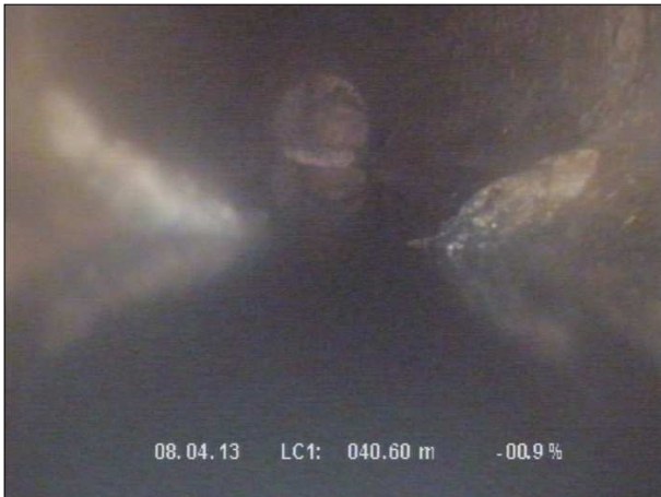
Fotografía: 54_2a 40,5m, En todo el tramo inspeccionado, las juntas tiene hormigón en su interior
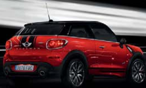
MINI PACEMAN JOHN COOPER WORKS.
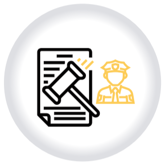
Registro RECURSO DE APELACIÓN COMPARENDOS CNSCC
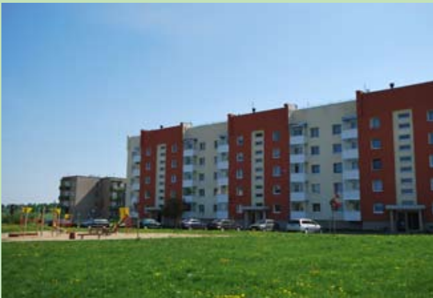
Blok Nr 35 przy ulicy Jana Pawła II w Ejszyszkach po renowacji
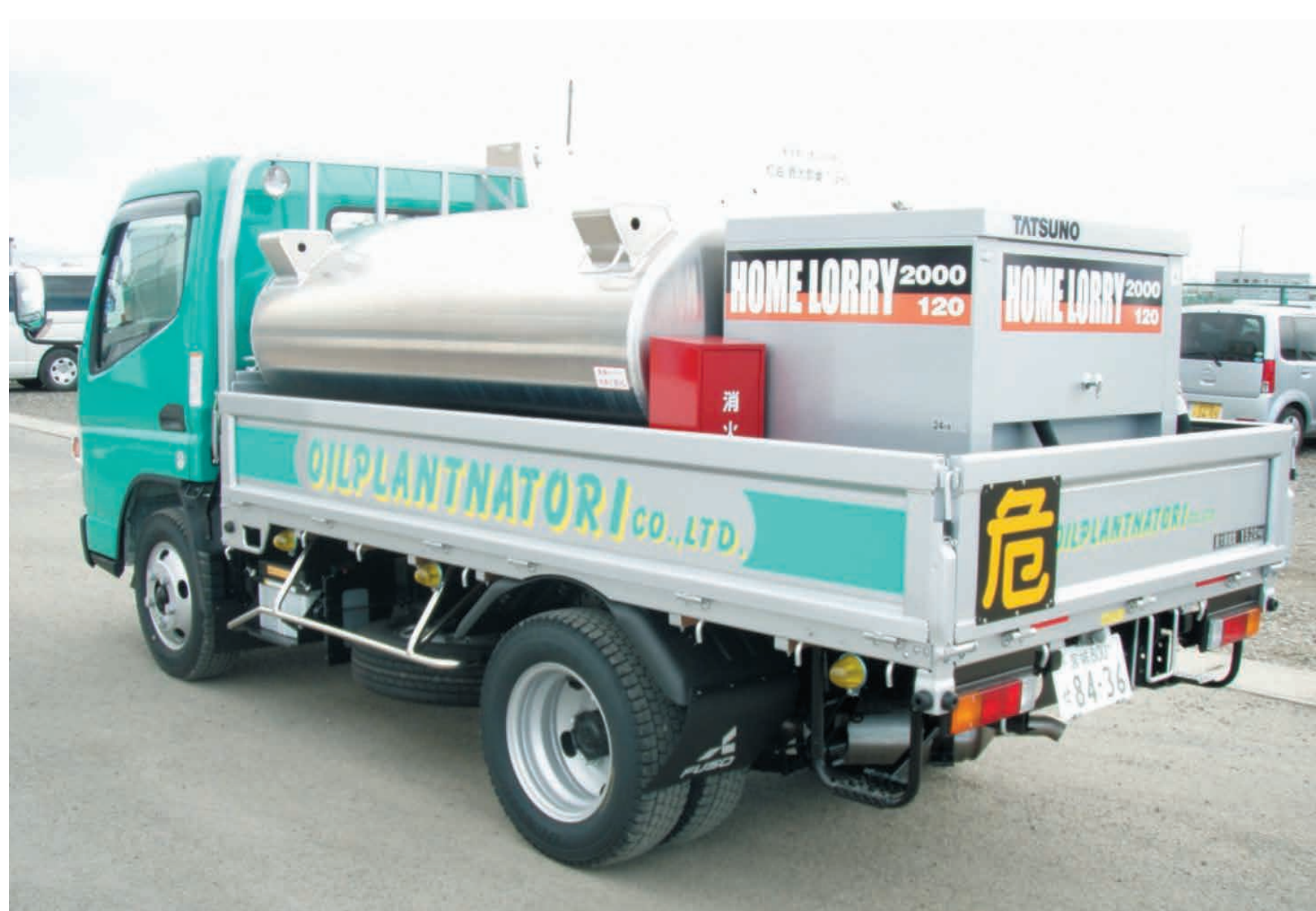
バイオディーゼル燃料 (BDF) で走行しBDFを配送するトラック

* * *

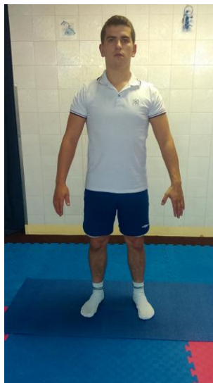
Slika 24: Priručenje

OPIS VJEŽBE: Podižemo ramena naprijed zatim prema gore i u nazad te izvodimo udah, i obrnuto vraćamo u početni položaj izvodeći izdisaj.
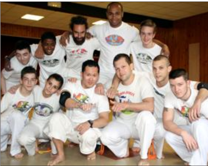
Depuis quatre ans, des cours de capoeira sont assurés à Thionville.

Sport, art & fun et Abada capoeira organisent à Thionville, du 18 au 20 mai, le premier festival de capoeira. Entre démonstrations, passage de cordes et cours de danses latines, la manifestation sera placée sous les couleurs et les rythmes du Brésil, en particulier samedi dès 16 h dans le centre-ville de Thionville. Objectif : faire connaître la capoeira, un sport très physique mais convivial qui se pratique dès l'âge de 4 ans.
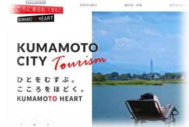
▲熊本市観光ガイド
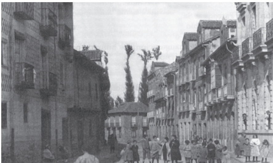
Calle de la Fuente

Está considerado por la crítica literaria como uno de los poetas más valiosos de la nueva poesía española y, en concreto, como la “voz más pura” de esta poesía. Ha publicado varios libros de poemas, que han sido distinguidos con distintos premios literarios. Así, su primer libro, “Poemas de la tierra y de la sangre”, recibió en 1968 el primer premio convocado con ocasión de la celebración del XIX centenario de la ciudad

--

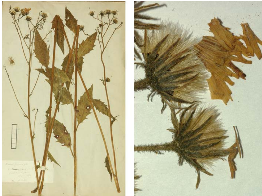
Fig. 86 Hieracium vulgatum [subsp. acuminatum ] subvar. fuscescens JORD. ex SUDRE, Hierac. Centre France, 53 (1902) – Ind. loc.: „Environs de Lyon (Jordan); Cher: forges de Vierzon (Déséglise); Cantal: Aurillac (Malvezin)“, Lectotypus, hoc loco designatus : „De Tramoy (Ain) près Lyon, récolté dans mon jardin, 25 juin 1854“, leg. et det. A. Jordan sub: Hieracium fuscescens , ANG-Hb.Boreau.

▶ _Task statement_
Extract, without any images, the part of the material above that opens with the line containing "OPIS VJEŽBE: Podižemo" and closes with the line containing "Está considerado por", both lines included.

▶ _Output for this task_
OPIS VJEŽBE: Podižemo ramena naprijed zatim prema gore i u nazad te izvodimo udah, i obrnuto vraćamo u početni položaj izvodeći izdisaj.
Depuis quatre ans, des cours de capoeira sont assurés à Thionville.

Sport, art & fun et Abada capoeira organisent à Thionville, du 18 au 20 mai, le premier festival de capoeira. Entre démonstrations, passage de cordes et cours de danses latines, la manifestation sera placée sous les couleurs et les rythmes du Brésil, en particulier samedi dès 16 h dans le centre-ville de Thionville. Objectif : faire connaître la capoeira, un sport très physique mais convivial qui se pratique dès l'âge de 4 ans.
▲熊本市観光ガイド
Calle de la Fuente

Está considerado por la crítica literaria como uno de los poetas más valiosos de la nueva poesía española y, en concreto, como la “voz más pura” de esta poesía. Ha publicado varios libros de poemas, que han sido distinguidos con distintos premios literarios. Así, su primer libro, “Poemas de la tierra y de la sangre”, recibió en 1968 el primer premio convocado con ocasión de la celebración del XIX centenario de la ciudad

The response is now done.